Steuerrechtliche und juristische Bewertung
Cum/Ex-Geschäfte haben zu erheblichen Steuerausfällen geführt und wurden daher als illegal eingestuft. Der Bundesgerichtshof (BGH) hat klar festgestellt, dass diese Geschäfte steuerstrafrechtlich relevant sind, da sie darauf abzielen, ungerechtfertigte Steuererstattungen zu generieren. Sie verstoßen gegen die Prinzipien der Besteuerung und stellen einen erheblichen Eingriff in das Steueraufkommen dar.

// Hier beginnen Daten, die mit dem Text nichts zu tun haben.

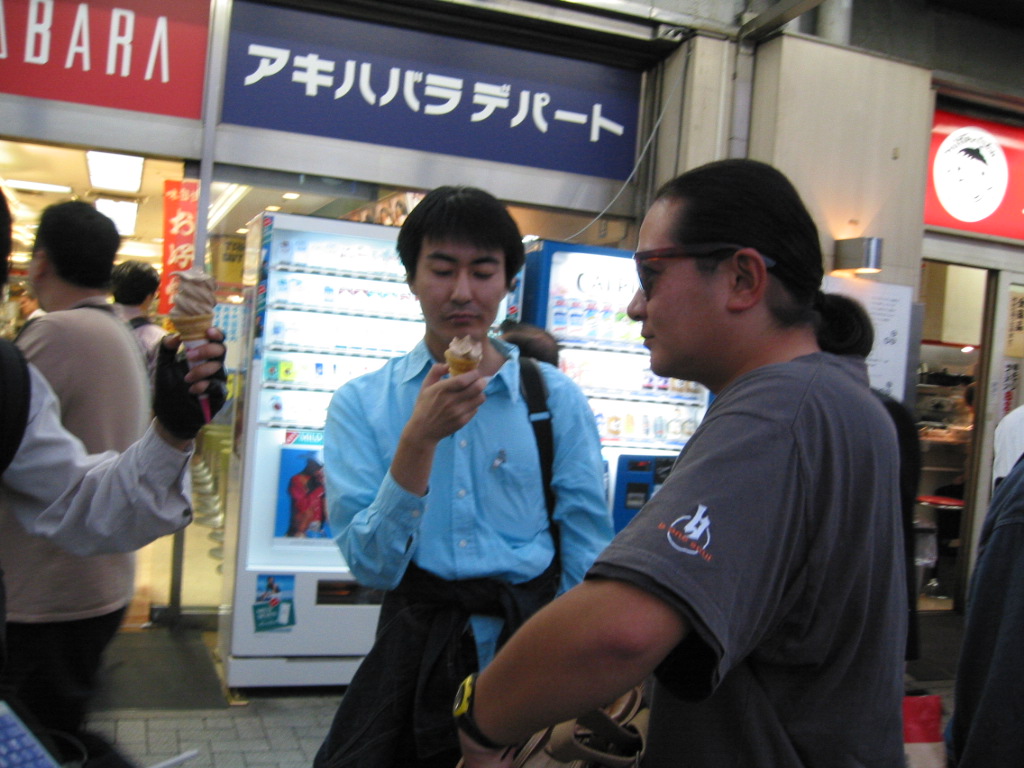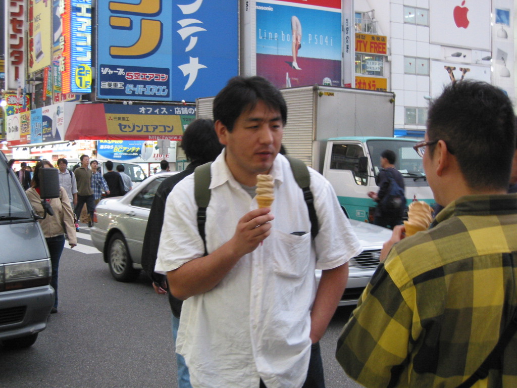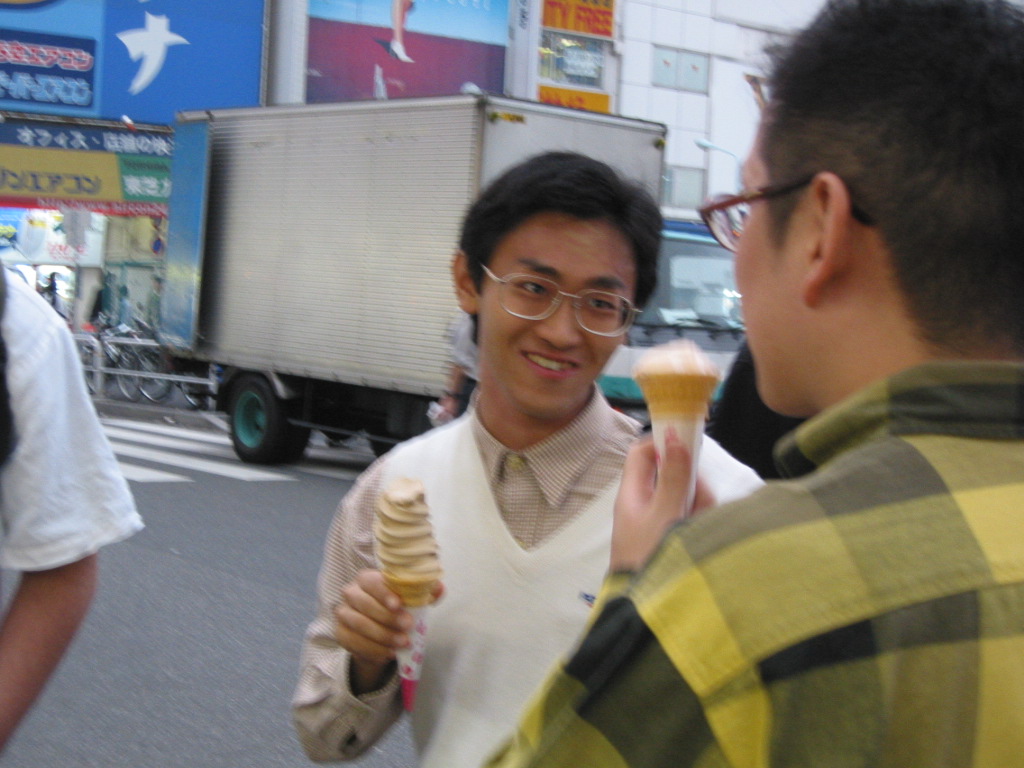 ゆやま と後ろ向きの GUTO^ 。みんなアイスが好き。

In kapitalmarktrechtlicher Hinsicht sind Cum/Ex-Geschäfte umstritten. Während die Europäische Wertpapier- und Marktaufsichtsbehörde (ESMA) Cum/Ex-Transaktionen als mögliche Marktmanipulation einstuft, gibt es wissenschaftliche Stimmen, die argumentieren, dass diese Transaktionen nicht unbedingt die Marktpreise beeinflussen und daher nicht pauschal als Marktmanipulation betrachtet werden können.
Conclusio
Cum/Ex-Geschäfte basieren auf einer systematischen Ausnutzung der Mechanismen zur Kapitalertragsteuererstattung. Sie sind komplex, involvieren mehrere Akteure und zielen darauf ab, durch mehrfache Steuerbescheinigungen ungerechtfertigte Erstattungen zu erlangen. Die rechtliche Bewertung dieser Geschäfte ist eindeutig: Sie sind illegal und haben erhebliche strafrechtliche Konsequenzen. Dennoch zeigt die Diskussion um Cum/Ex auch, wie komplex die Abgrenzung zwischen legaler Steuergestaltung und illegaler Steuerhinterziehung sein kann.